Innate and Adaptive Immunity: Comparison

Immunity is divided into two main types: innate and adaptive. Innate immunity is present in almost all multicellular eukaryotes and provides a broad, non-specific defense. Adaptive immunity, found only in vertebrates, is highly specific and capable of remembering previous invaders.

Feature	Innate	Adaptive
Distribution	Almost all multicellular eukaryotes	Only in vertebrates
Targets	Limited number of key structures (PAMPs)	Antigens, mostly proteins; billions of types
Immune Receptors	Pattern recognition receptors (e.g., TLRs)	T cell receptors and antibodies
Cellular Presence	Almost all cells	Lymphocytes only
Discrimination	Host cells do not contain PAMPs	Tolerance for self-antigens; breakdown can cause autoimmune disease

Comparison table of innate and adaptive immunity

Overview of Adaptive Immunity

Adaptive immunity is the body's ability to recognize and defend itself against distinct invaders and their products. It is characterized by specificity, inducibility, clonality, unresponsiveness to self, and memory.

Specificity: Targets specific antigens.
Inducibility: Activated in response to pathogens.
Clonality: Generates clones of immune cells.
Unresponsiveness to self: Prevents attack on self-antigens.
Memory: Remembers previous invaders for faster response.

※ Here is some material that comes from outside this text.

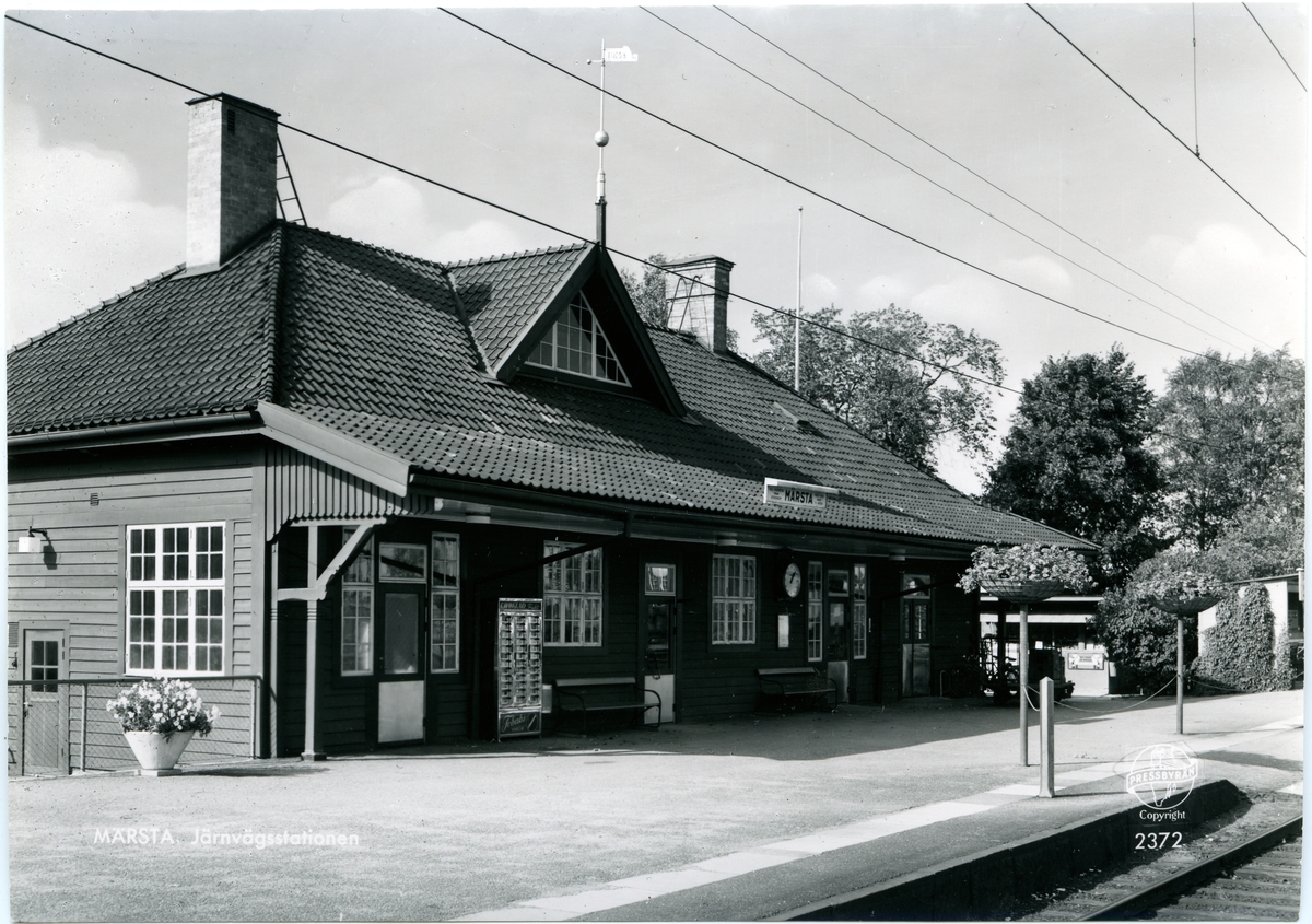 Station, utmed linjen Stockholm-Uppsala, uppförd 1876. Varuautomaten vid stationshuset innehöll både choklad, frukt och tobak.

Lymphocytes and Types of Adaptive Immune Responses

Adaptive immunity involves two main types of lymphocytes: B cells (mature in bone marrow) and T cells (mature in thymus). There are two types of adaptive immune responses: cell-mediated and antibody-mediated.

Lymphocyte and red blood cell under microscope

The Lymphatic System

Structure and Function

The lymphatic system screens tissues for foreign antigens and returns lymph to the circulatory system. Lymph is a fluid similar to blood plasma, arising from leaked blood vessel fluid.

Diagram of the lymphatic system and lymph node structure

Lymphoid Organs

Lymphoid organs are divided into primary (red bone marrow, thymus) and secondary (lymph nodes, spleen, tonsils, MALT) organs. Primary organs are sites of lymphocyte maturation; secondary organs are sites of immune response.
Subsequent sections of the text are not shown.